### What you should do
Please reproduce the listing word for word. Pictures stay out.

### Data to examine
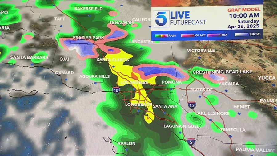 A system of low pressure is bringing rain and unseasonably cold temperatures to most of Southern California, and communities at higher elevations will likely see some snow.
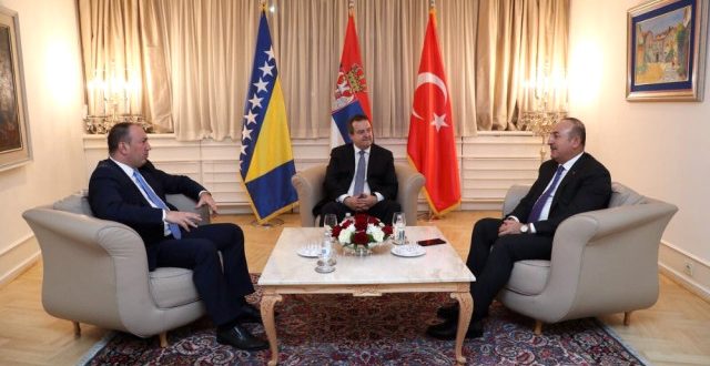 Dışişleri Bakanı Mevlüt Çavuşoğlu, Sırbistan’ın başkenti Belgrad’da Türkiye-Bosna Hersek-Sırbistan Üçlü Dışişleri Bakanları Toplantısı’na katıldı. Sırbistan ve Bosna Hersek Dışişleri Bakanları İvica Dacic ve Igor Crnadak ile birlikte düzenlenen üçlü toplantıda, Türkiye’nin sadece Bosna Hersek ve Sırbistan’a değil, iki ülkeyi birleştiren ortak projelere de destek verdiği belirtildi. – BELGRAD
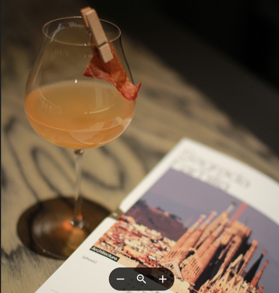 スペインを代表する100年以上未完成の教会『サグラダ ファミリア』をイメージしたカクテル『Sagrada Familia』(1800円)は、グラスに添えられたガーニッシュ(つけ合わせ)を食べることで口の中で完成する、サングリアのような味わいの一杯となっている。
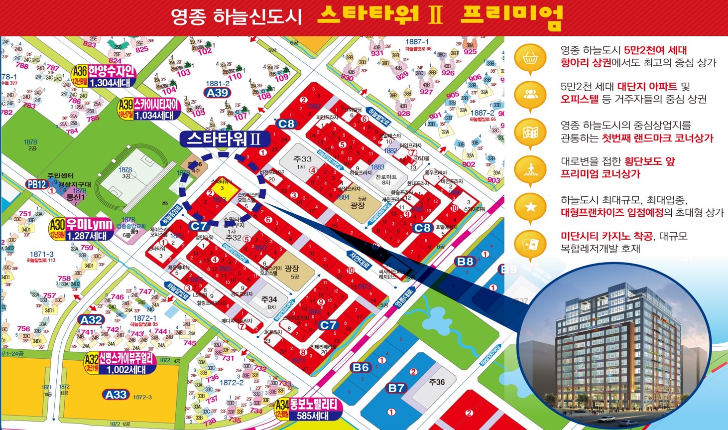 - 3만 5천 세대가 형성될 하늘도시 거주지역으로 향하는 모든 차량들이 지나가는 길목의 가장 첫번째 15층 최대 규모의 프라자 상가
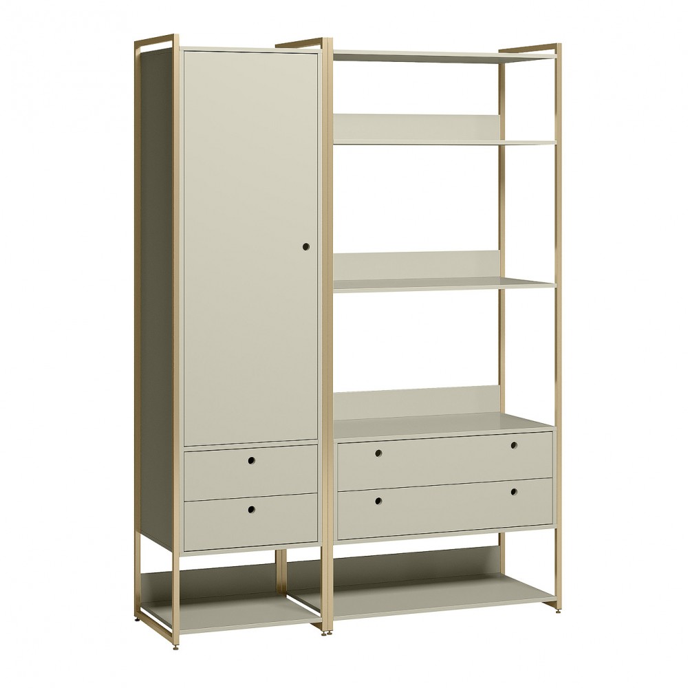Este é o Conjunto de Closet Ind. Olivar-Módulos 04 e 01, produto que mostra uma diversidade de materiais, com metal nas laterais, MDF e MDP de 15 mm. Ele possui prateleiras para acomodar objetos ou roupas, cabideiro de alumínio, gavetas e portas com corrediças e dobradiças metálicas, tudo com design de uma pegada industrial para quem gosta do estilo mais urbano e contemporâneo onde você personaliza seu ambiente deixando-o exclusivo.
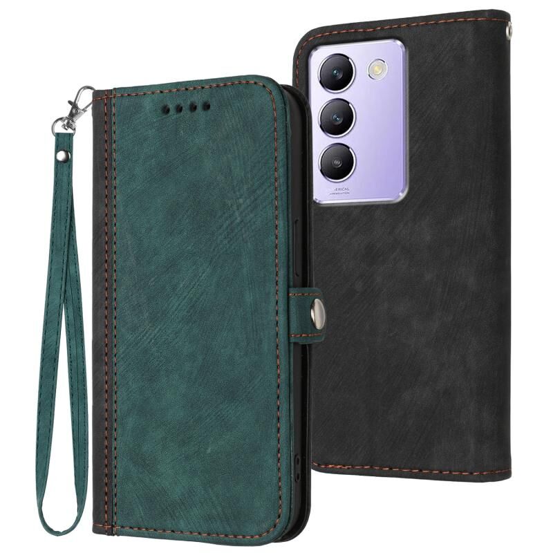 For vivo Y100 5G IDN/Y200e 5G Global Side Buckle Double Fold Hand Strap Leather Phone Case(Dark Green)
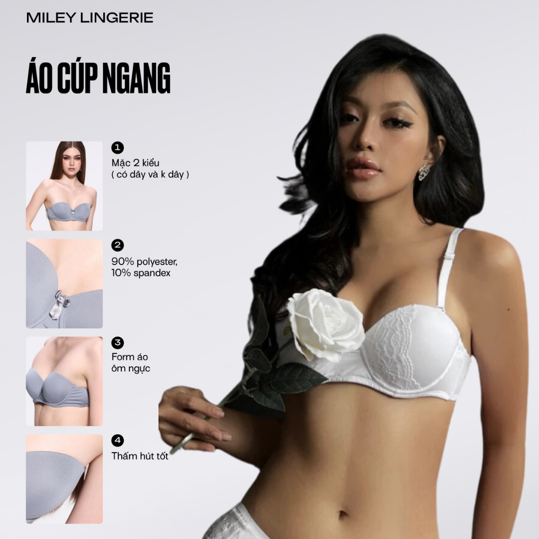 - Cúp ngực ngang vừa vặn ôm sát đường cong, cùng lớp mút vừa, mềm, chất liệu thun lạnh co giãn, thoáng khí giúp tôn dáng vòng một và không gây ngấn vòng lưng. Phần ngực thiết kế họa tiết ren làm điểm nhấn tạo nét nữ tính và nổi bật.
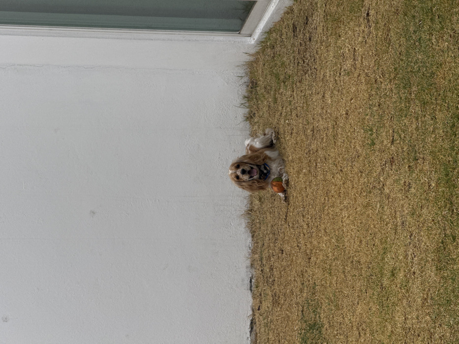 The scene depicts an outdoor area in Heroica Puebla de Zaragoza, Mexico. A tan and white Cocker Spaniel dog is positioned on a patch of dry, predominantly brown-yellow grass with interspersed green sections. The dog lies facing the observer, its mouth partially open, exhibiting its tongue. It wears a blue, patterned bandana around its neck. An orange, green, and black multi-colored spherical object (a ball) is situated directly in front of the dog's forepaws. The background features a plain, light grey stucco wall spanning the left and central areas. This wall terminates at a corner on the right, where a vertical white-framed window or glass door is observed. No human subjects are visible. The lighting is diffused, indicating an overcast sky or indirect illumination.
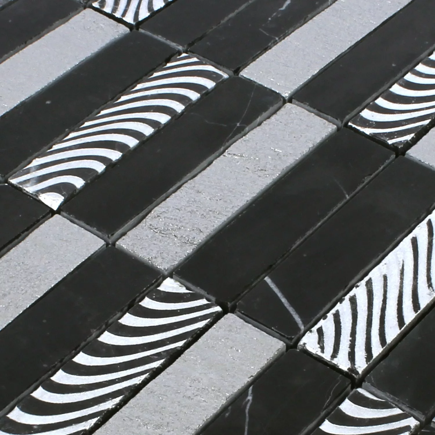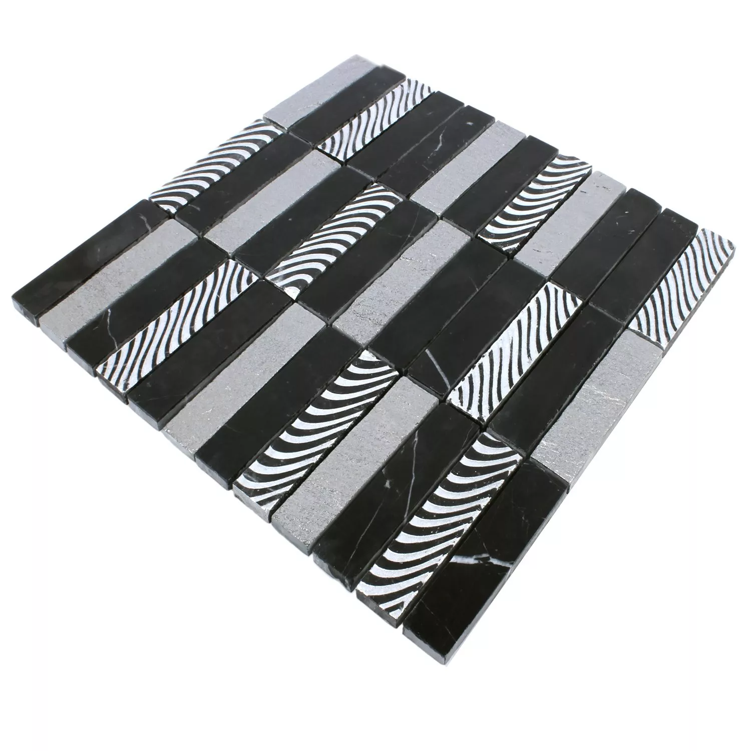 Тези готови за полагане плочки са залепени върху мрежа, което улеснява монтажа. Те са особено подходящи за кухненски гръбчета с плочки, стени и стени на душ кабини. Въпреки че не са подходящи за влажни помещения, изглеждат впечатляващо в сухи интериори.
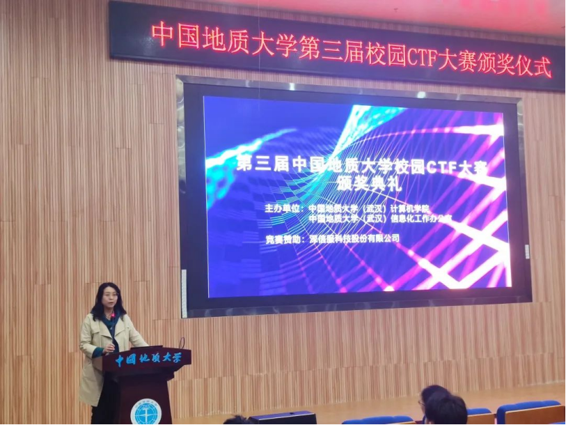 (通讯员:王博闻、马瑞华)4月17日,由中国地质大学(武汉)资源а√天堂中文中文在线与学校信息化工作办公室联合主办,深信服科技股份有限公司赞助的第三届校园CTF大赛圆满落幕。资源а√天堂中文中文在线党委副书记傅苑、信息安全系主任程池、副主任朱静、教师代表黄诗勇及联合主办单位信息化工作室代表高浪作为嘉宾出席颁奖仪式。比赛共有302名来自全校各个年级的本科生注册参赛。为鼓励学生参与,增添竞赛乐趣,此次竞赛单列老生组和新生组,分设一、二、三等奖与优秀奖,并为解出特定题目的选手赠送礼物。
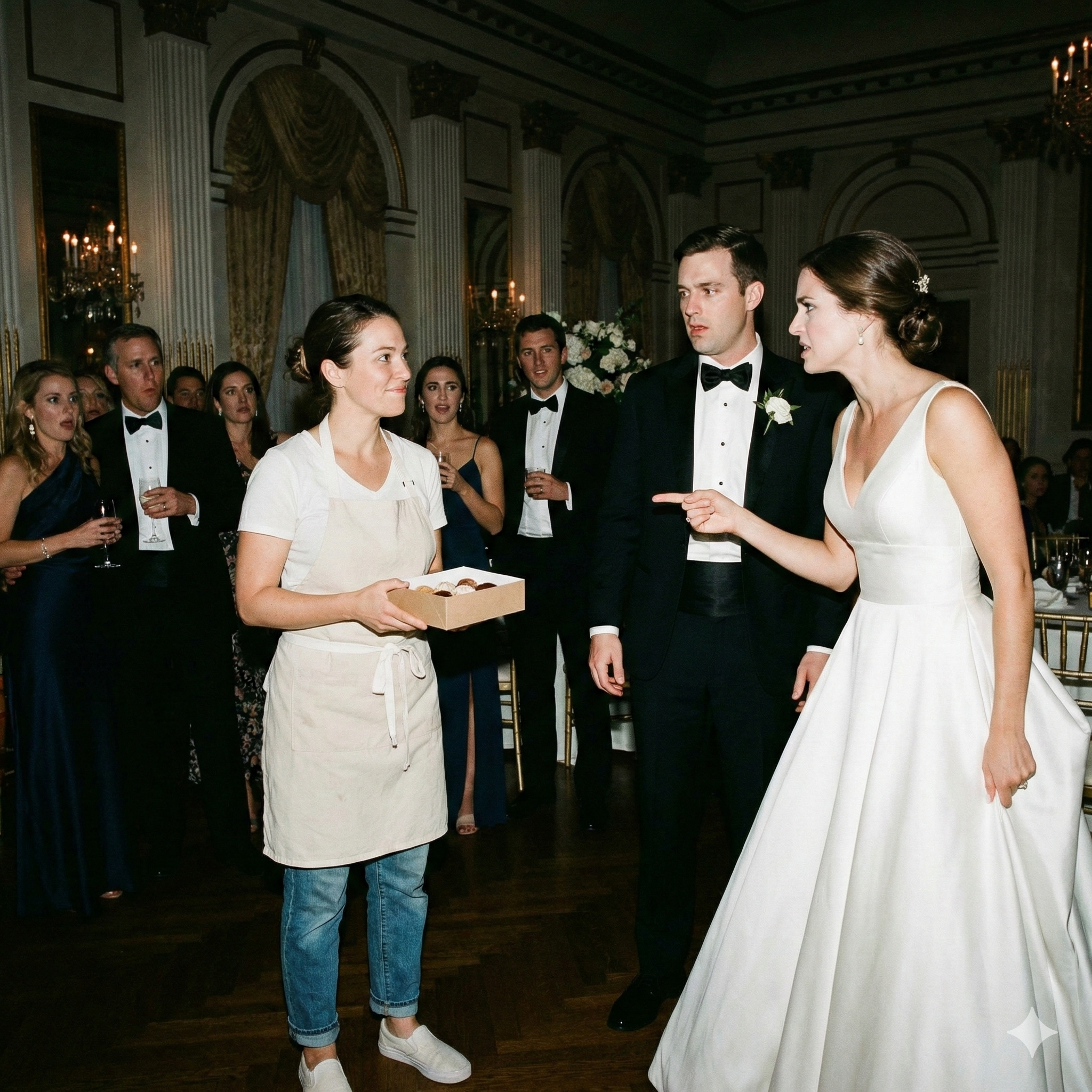 I walked over to my sister, who was clutching her $50,000 dress as if it could save her. I handed her the white box.

### Answer to this exercise
 A system of low pressure is bringing rain and unseasonably cold temperatures to most of Southern California, and communities at higher elevations will likely see some snow.
 Dışişleri Bakanı Mevlüt Çavuşoğlu, Sırbistan’ın başkenti Belgrad’da Türkiye-Bosna Hersek-Sırbistan Üçlü Dışişleri Bakanları Toplantısı’na katıldı. Sırbistan ve Bosna Hersek Dışişleri Bakanları İvica Dacic ve Igor Crnadak ile birlikte düzenlenen üçlü toplantıda, Türkiye’nin sadece Bosna Hersek ve Sırbistan’a değil, iki ülkeyi birleştiren ortak projelere de destek verdiği belirtildi. – BELGRAD
 スペインを代表する100年以上未完成の教会『サグラダ ファミリア』をイメージしたカクテル『Sagrada Familia』(1800円)は、グラスに添えられたガーニッシュ(つけ合わせ)を食べることで口の中で完成する、サングリアのような味わいの一杯となっている。
 - 3만 5천 세대가 형성될 하늘도시 거주지역으로 향하는 모든 차량들이 지나가는 길목의 가장 첫번째 15층 최대 규모의 프라자 상가
Este é o Conjunto de Closet Ind. Olivar-Módulos 04 e 01, produto que mostra uma diversidade de materiais, com metal nas laterais, MDF e MDP de 15 mm. Ele possui prateleiras para acomodar objetos ou roupas, cabideiro de alumínio, gavetas e portas com corrediças e dobradiças metálicas, tudo com design de uma pegada industrial para quem gosta do estilo mais urbano e contemporâneo onde você personaliza seu ambiente deixando-o exclusivo.
 For vivo Y100 5G IDN/Y200e 5G Global Side Buckle Double Fold Hand Strap Leather Phone Case(Dark Green)
 - Cúp ngực ngang vừa vặn ôm sát đường cong, cùng lớp mút vừa, mềm, chất liệu thun lạnh co giãn, thoáng khí giúp tôn dáng vòng một và không gây ngấn vòng lưng. Phần ngực thiết kế họa tiết ren làm điểm nhấn tạo nét nữ tính và nổi bật.
 The scene depicts an outdoor area in Heroica Puebla de Zaragoza, Mexico. A tan and white Cocker Spaniel dog is positioned on a patch of dry, predominantly brown-yellow grass with interspersed green sections. The dog lies facing the observer, its mouth partially open, exhibiting its tongue. It wears a blue, patterned bandana around its neck. An orange, green, and black multi-colored spherical object (a ball) is situated directly in front of the dog's forepaws. The background features a plain, light grey stucco wall spanning the left and central areas. This wall terminates at a corner on the right, where a vertical white-framed window or glass door is observed. No human subjects are visible. The lighting is diffused, indicating an overcast sky or indirect illumination.
 Тези готови за полагане плочки са залепени върху мрежа, което улеснява монтажа. Те са особено подходящи за кухненски гръбчета с плочки, стени и стени на душ кабини. Въпреки че не са подходящи за влажни помещения, изглеждат впечатляващо в сухи интериори.
 (通讯员:王博闻、马瑞华)4月17日,由中国地质大学(武汉)资源а√天堂中文中文在线与学校信息化工作办公室联合主办,深信服科技股份有限公司赞助的第三届校园CTF大赛圆满落幕。资源а√天堂中文中文在线党委副书记傅苑、信息安全系主任程池、副主任朱静、教师代表黄诗勇及联合主办单位信息化工作室代表高浪作为嘉宾出席颁奖仪式。比赛共有302名来自全校各个年级的本科生注册参赛。为鼓励学生参与,增添竞赛乐趣,此次竞赛单列老生组和新生组,分设一、二、三等奖与优秀奖,并为解出特定题目的选手赠送礼物。
 I walked over to my sister, who was clutching her $50,000 dress as if it could save her. I handed her the white box.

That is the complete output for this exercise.